WHAT TO DO -
The expected result is an exact restatement of the data, free of pictures.

INPUT DATA -
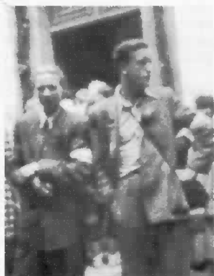
Ako sprievodca pútnikov z Banskej Bystrice na Starých Horách.
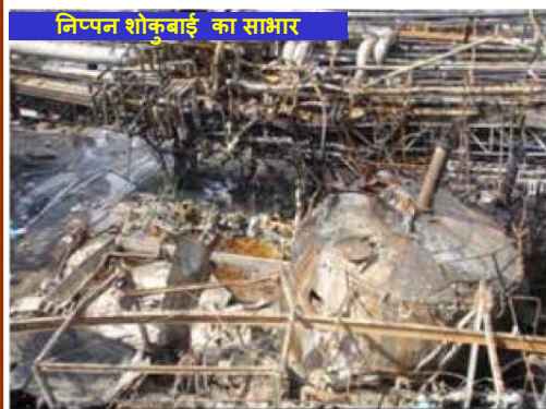
निम्पन शोकबाई का साधार

विस्फोट के समय, सन्यंत्र एक आसवन स्तम्भ (distillation column) का परीक्षण कर रहा था, जिस के लिये इस टैंक से आपूर्ति करना आवश्यक था। टैंक का स्तर धीरे धीरे प्रारम्भिक प्रचालन स्तर तक बढ़ गया। टैंक के ऊपरी स्तर तक द्रव्य को बिना ऊपर ले जाये हुये, शीतलन कुंडली (coil) से ऊपर के स्तर पर ऐ ऐ पूरी तरह से मिला नहीं हुआ था। ऐसा माना जाता है कि आने वाली ऐ ऐ बहुलीकरण के लिये आवश्यक तापमान से भी कम था, और ऐ ऐ में बहुलीकरण निरोधक रसायन विद्यमान थे, परन्तु फिर भी टैंक का तापमान बढ़ गया, विशेषतया: ऊपरी भाग में। अन्ततः टैंक का दबाव बढ़ गया और उस में विस्फोट हो गया।
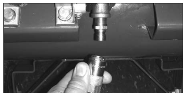
Step / Étape / Paso 4

EXERCISE OUTPUT -
Ako sprievodca pútnikov z Banskej Bystrice na Starých Horách.
निम्पन शोकबाई का साधार

विस्फोट के समय, सन्यंत्र एक आसवन स्तम्भ (distillation column) का परीक्षण कर रहा था, जिस के लिये इस टैंक से आपूर्ति करना आवश्यक था। टैंक का स्तर धीरे धीरे प्रारम्भिक प्रचालन स्तर तक बढ़ गया। टैंक के ऊपरी स्तर तक द्रव्य को बिना ऊपर ले जाये हुये, शीतलन कुंडली (coil) से ऊपर के स्तर पर ऐ ऐ पूरी तरह से मिला नहीं हुआ था। ऐसा माना जाता है कि आने वाली ऐ ऐ बहुलीकरण के लिये आवश्यक तापमान से भी कम था, और ऐ ऐ में बहुलीकरण निरोधक रसायन विद्यमान थे, परन्तु फिर भी टैंक का तापमान बढ़ गया, विशेषतया: ऊपरी भाग में। अन्ततः टैंक का दबाव बढ़ गया और उस में विस्फोट हो गया।
Step / Étape / Paso 4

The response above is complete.